Вокруг него пели сирены. В воздухе стоял запах влажной морской соли. Игорю Антоновичу казалось, что если он повернёт голову, то увидит нагих розовых прелестниц с лютнями, арфами и прочими морскими ракушками, небрежно рассевшихся на мокрых от морской пены скалах. Пение было красивым, но тревожным. Оно не просто тревожило… оно пугало, как полуночная заупокойная служба.
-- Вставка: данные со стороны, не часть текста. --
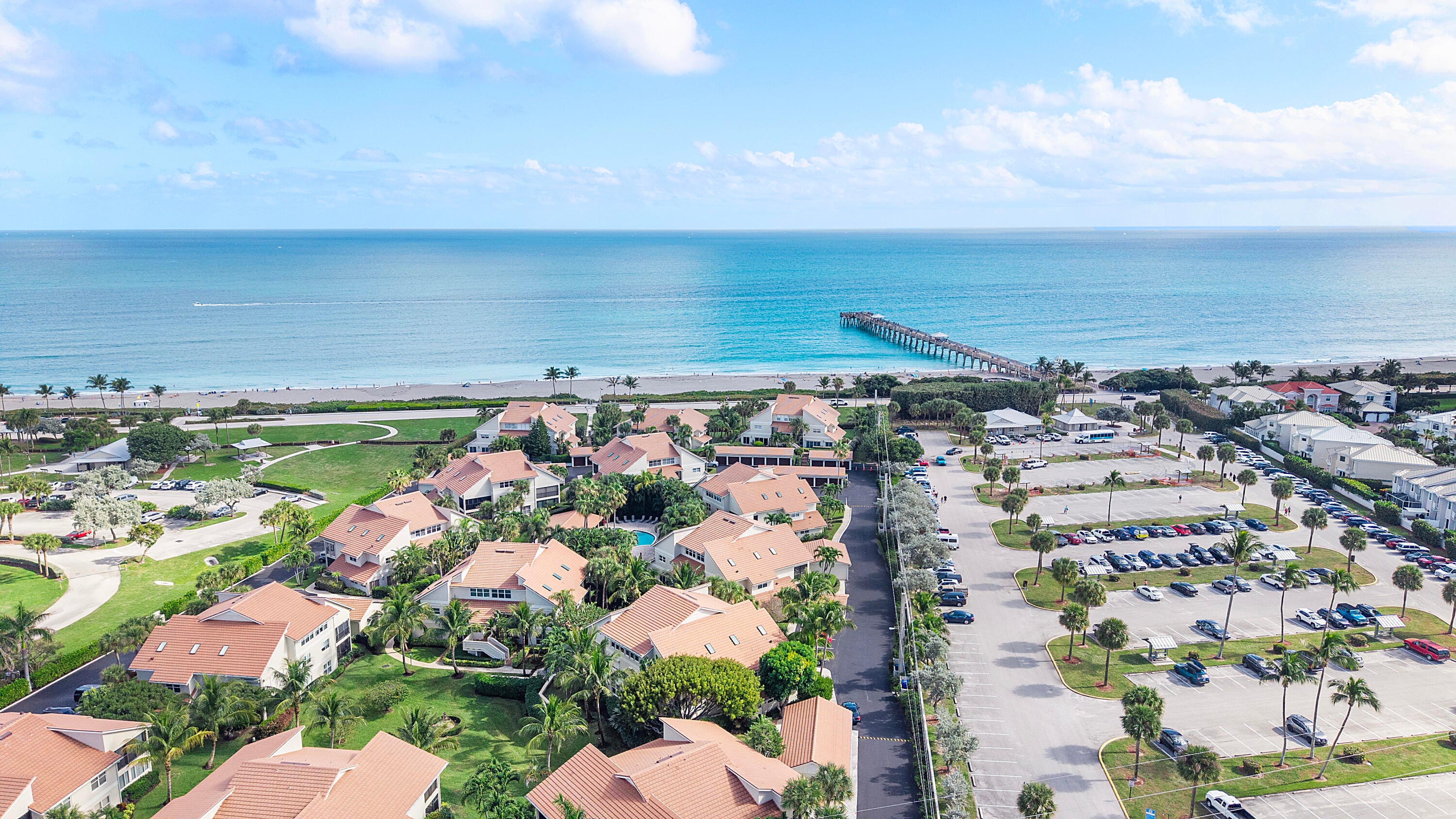 Corner unit walk-up to the LARGEST 2-bedroom floor plan, just steps from the beach in a gated community. The bright interior features recessed lighting, crown molding, polished tile floors, and an oversized primary suite, plus the flexibility to create a 3rd bedroom, office, or den. Enjoy in-unit laundry, a private storage unit, a separate one-car garage, and a screened patio with a pine wood ceiling where you can relax and feel the ocean breeze. The community offers a private beach pathway to the Juno Pier and is walking distance to shopping, restaurants, Ocean Cay Park, dog-friendly beaches, and playgrounds. NEW roof, NEW AC, NEW appliances, hurricane film windows, NO assessments, fully funded reserves, and the HOA includes water, cable, trash, and exterior maintenance.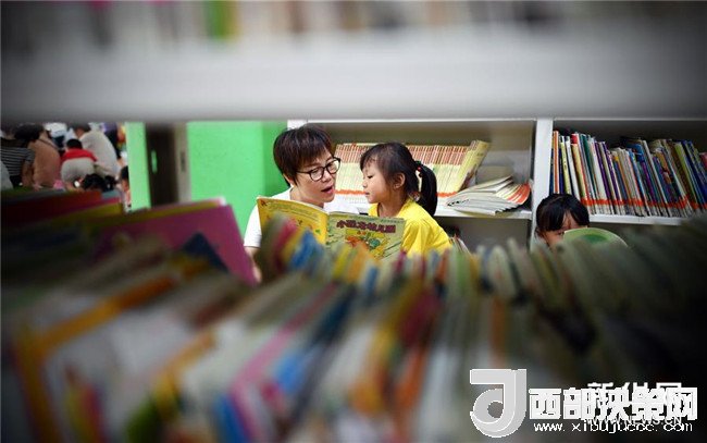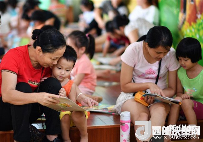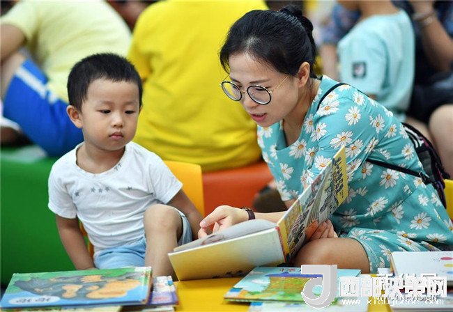 7月15日,家長帶著孩子在海南省圖書館看書。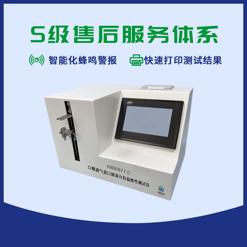 KBB0977-C口咽通氣道口頰部分抗扁癟性測(cè)試儀主要用于檢驗(yàn)麻醉和呼吸設(shè)備口咽通氣道抗扁癟性的智能檢測(cè)設(shè)備,是鑒定麻醉和呼吸設(shè)備口咽通氣道的有效手段之一。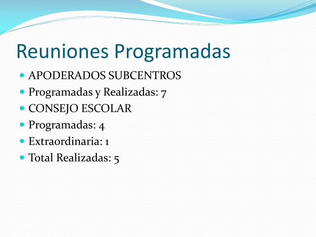 Reuniones Programadas • APODERADOS SUBCENTROS • Programadas y Realizadas: 7 • CONSEJO ESCOLAR • Programadas: 4 • Extraordinaria: 1 • Total Realizadas: 5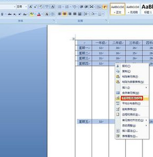 2.然后选择整个表格,并单击右键选择“平均分配各行”。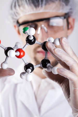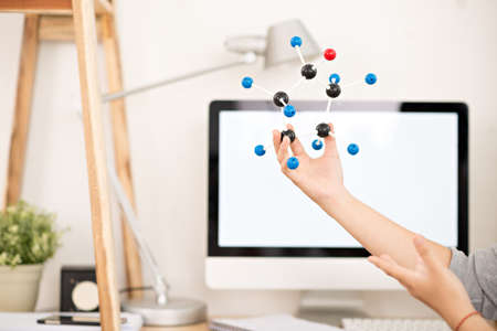 Contemporary research. Innovation concept. Molecule model in the hands of the teacher. A scientist, in a white coat, holds a flask and a model of a molecule in his hands. Flask with substance. Atomic

Хор нарастал, заглушая и рёв основного генератора, и мерное рокотание двигателя, и свист невесть откуда налетевшего ветра.
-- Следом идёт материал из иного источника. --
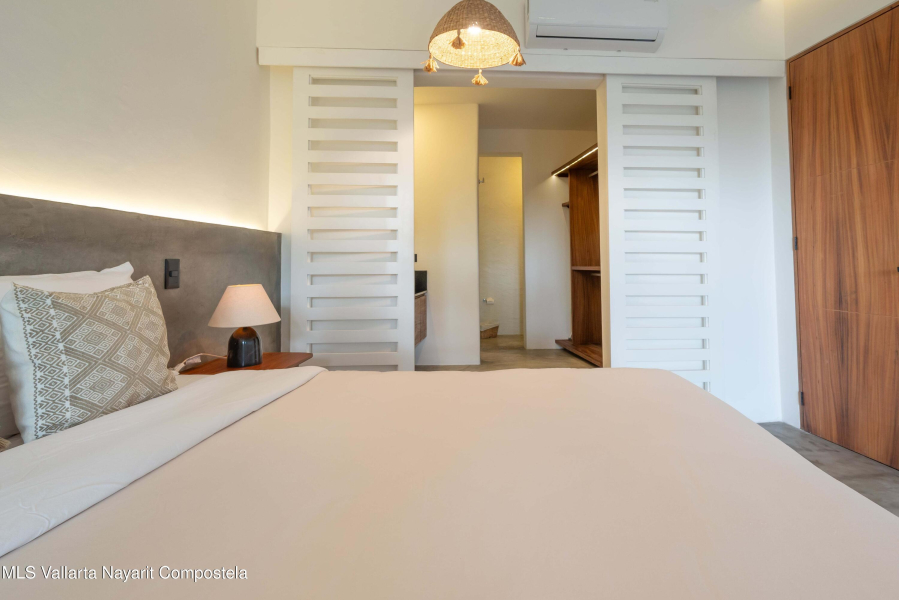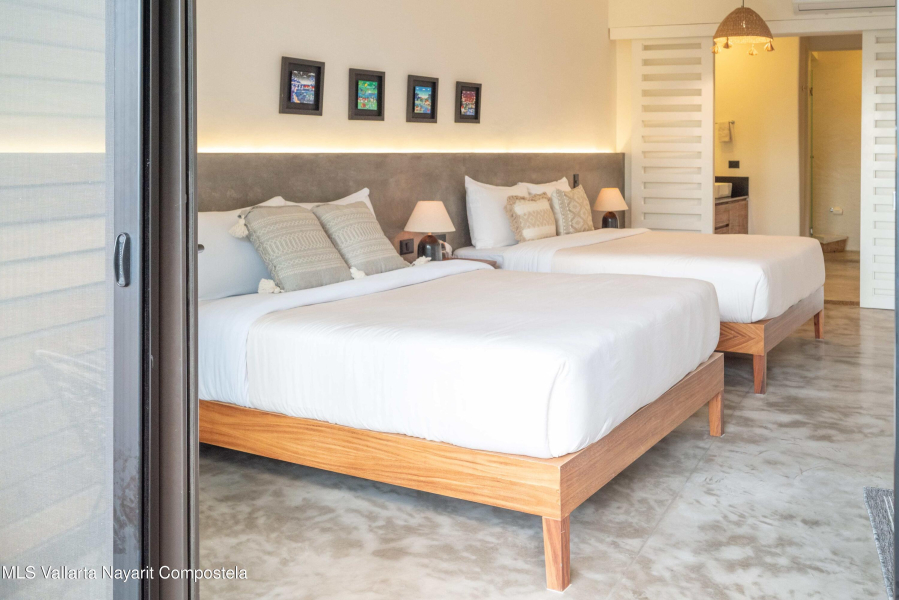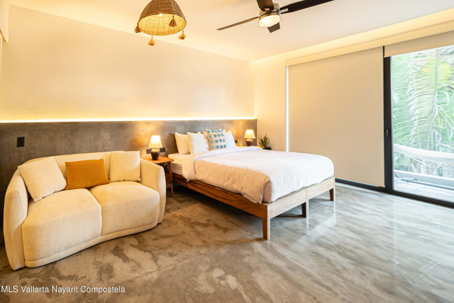 This beautiful condo is located in Attalea, a condo residence just a 7-minute walk to Sayulita’s best beach area on the north side. This brand-new, thoughtfully designed and modern condo on Sayulita’s peaceful north side offers the perfect balance: close enough to walk to the vibrant center, yet far enough to unwind in nature and quiet.The condo has some amazing features: Expansive Bedrooms & Living Area – Bright, comfortable spaces with modern furnishings and thoughtful touches throughout. Oversized Private Balcony – Lush jungle views and generous seating for morning coffee or sunset cocktails. Fully Equipped Kitchen – High-end appliances, quality cookware, and a stunning parota wood dining table on the private deck. Reverse Osmosis Filtered Water

Он понимал, что из всех семи миллиардов жителей планеты Земля эту литанию слышит только он, но всё равно упрямо сказал:
— Некрасиво поют. Я знаю, вы не слышите, но поют мерзко.
— Что ты имеешь ввиду?.. впрочем, потом расскажешь… ты как? Терпимо пока? — спросил Бриджес, похоже с самого утра сидящий на валидоле.
— Угу… — машинально ответил Коваленко, запуская вручную последние три агрегата. Вопроса он не понял… ориентировался на интонацию. — Всё, пять секунд до полного режима… — крикнул он, пытаясь заглушить многоголосый хор. — Пять… четыре… три…
На момент «ноль» бесновавшаяся окружность, напоминающая теперь какие-то пульсирующие и непрестанно шевелящиеся груды тошнотворных чёрных и волосатых спагетти, диаметром до трёх метров каждая, лопнула.
Поверхность вогнулась внутрь, потом часть её чёрной плёнкой выдавило наружу… а потом мгновенно утончившаяся плёнка разорвалась и втянулась внутрь…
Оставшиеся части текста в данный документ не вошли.